Exercise description:
The needed output is the run of lines below from the one containing "1만원을 내고 매일 100일" through the one containing "老虎怀里坐着老虎宝宝的简笔画", copied exactly and free of pictures.

Provided records:

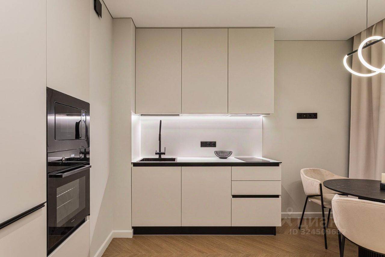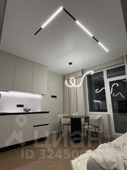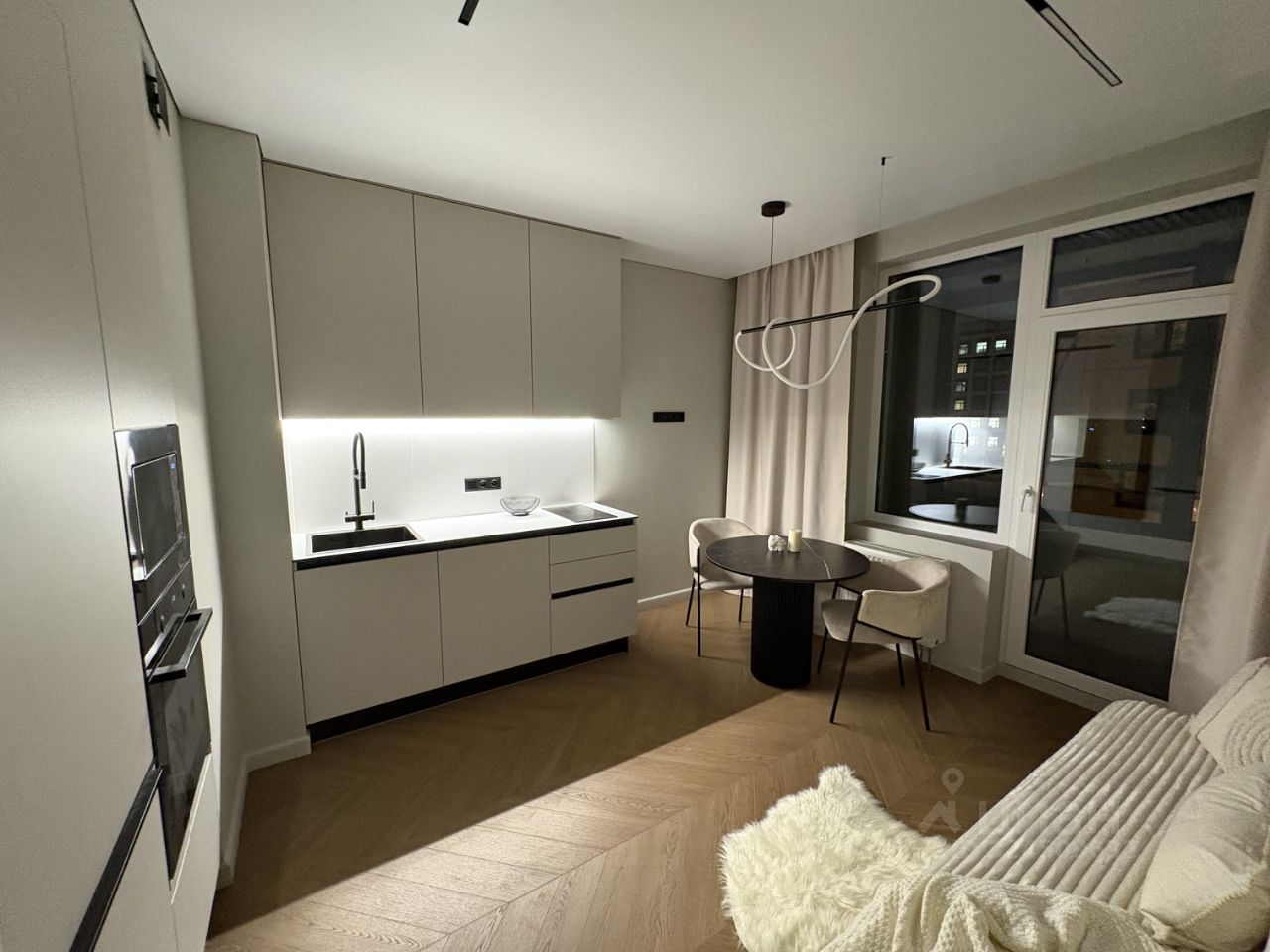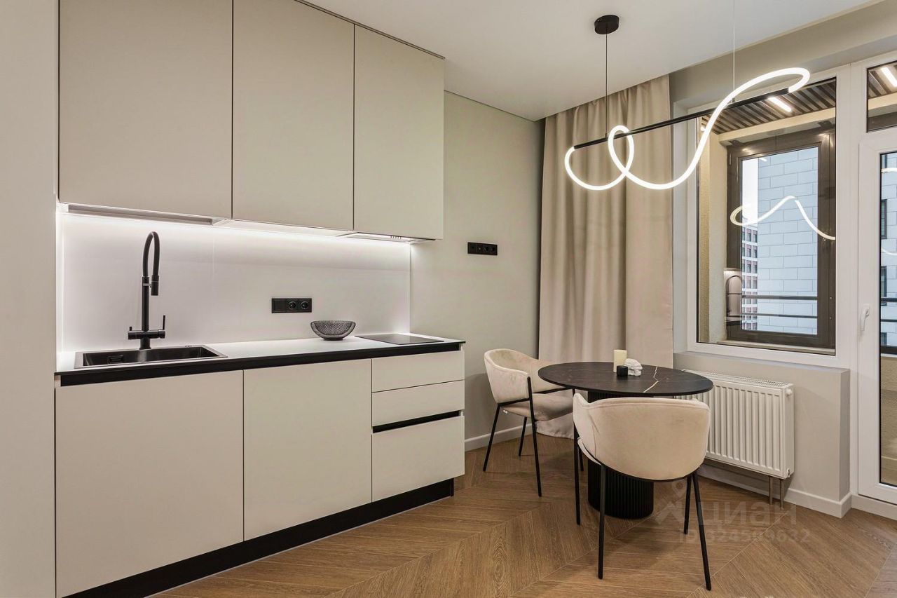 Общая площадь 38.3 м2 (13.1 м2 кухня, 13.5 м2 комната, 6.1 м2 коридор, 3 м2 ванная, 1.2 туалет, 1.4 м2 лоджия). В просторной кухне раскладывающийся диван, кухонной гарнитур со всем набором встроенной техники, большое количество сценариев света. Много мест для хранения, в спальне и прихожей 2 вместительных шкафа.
--
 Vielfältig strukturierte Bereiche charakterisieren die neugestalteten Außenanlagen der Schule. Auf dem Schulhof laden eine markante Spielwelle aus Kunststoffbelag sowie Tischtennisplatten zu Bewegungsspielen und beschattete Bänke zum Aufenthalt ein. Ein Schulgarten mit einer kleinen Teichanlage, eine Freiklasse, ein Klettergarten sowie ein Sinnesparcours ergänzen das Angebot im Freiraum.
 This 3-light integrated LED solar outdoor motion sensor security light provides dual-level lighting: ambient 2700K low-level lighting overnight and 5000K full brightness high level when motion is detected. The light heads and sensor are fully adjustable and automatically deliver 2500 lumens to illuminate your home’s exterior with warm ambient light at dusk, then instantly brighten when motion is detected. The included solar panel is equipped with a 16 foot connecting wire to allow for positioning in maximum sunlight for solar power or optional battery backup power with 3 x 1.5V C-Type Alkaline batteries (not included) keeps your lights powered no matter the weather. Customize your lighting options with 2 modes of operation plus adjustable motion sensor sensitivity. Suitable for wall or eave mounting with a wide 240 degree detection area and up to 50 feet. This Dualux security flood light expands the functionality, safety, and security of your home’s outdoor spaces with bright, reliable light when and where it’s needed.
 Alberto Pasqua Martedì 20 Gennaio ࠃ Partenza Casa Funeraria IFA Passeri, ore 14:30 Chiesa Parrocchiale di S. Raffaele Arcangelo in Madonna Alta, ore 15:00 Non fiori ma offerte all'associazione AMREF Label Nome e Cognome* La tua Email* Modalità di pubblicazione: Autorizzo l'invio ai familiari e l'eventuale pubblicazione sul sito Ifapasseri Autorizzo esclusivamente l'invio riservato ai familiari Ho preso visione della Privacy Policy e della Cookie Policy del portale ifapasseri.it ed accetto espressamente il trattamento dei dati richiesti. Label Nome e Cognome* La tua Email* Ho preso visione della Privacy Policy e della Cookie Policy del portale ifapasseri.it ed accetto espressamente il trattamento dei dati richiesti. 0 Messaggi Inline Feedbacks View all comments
* * *
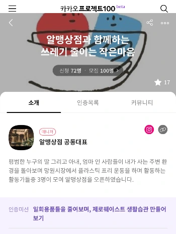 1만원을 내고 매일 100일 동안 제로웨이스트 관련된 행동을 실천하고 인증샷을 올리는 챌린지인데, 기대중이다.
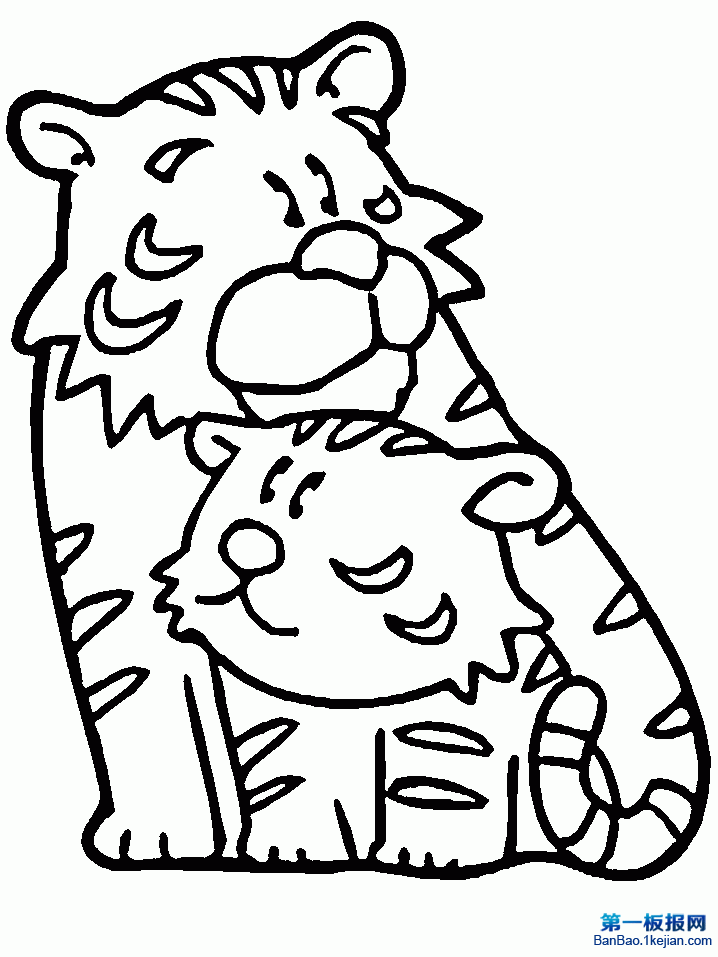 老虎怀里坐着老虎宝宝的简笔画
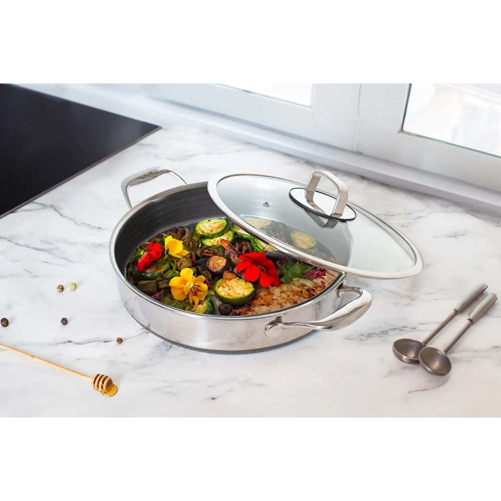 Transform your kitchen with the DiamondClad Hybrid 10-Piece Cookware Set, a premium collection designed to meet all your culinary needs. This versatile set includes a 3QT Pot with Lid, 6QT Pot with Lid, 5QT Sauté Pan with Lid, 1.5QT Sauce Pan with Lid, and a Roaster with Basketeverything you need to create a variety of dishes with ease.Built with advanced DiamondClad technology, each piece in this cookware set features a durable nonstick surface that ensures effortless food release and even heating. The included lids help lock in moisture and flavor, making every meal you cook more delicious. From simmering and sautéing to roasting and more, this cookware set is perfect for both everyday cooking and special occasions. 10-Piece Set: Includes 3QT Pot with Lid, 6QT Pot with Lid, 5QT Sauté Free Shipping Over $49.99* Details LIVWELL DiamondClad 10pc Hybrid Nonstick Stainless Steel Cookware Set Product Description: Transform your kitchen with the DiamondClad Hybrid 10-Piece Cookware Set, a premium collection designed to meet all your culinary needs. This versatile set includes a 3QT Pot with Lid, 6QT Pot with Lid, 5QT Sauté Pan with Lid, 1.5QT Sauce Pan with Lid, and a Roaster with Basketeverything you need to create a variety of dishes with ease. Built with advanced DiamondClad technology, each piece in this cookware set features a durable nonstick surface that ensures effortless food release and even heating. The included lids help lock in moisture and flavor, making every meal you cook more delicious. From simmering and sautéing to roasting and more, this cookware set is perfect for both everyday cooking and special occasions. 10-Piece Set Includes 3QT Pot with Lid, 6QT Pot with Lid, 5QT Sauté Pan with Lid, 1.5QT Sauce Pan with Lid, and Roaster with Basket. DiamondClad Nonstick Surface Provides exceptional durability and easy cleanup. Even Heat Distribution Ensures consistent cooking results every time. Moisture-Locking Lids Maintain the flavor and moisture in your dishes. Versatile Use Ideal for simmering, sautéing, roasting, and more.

Task output:
 1만원을 내고 매일 100일 동안 제로웨이스트 관련된 행동을 실천하고 인증샷을 올리는 챌린지인데, 기대중이다.
 老虎怀里坐着老虎宝宝的简笔画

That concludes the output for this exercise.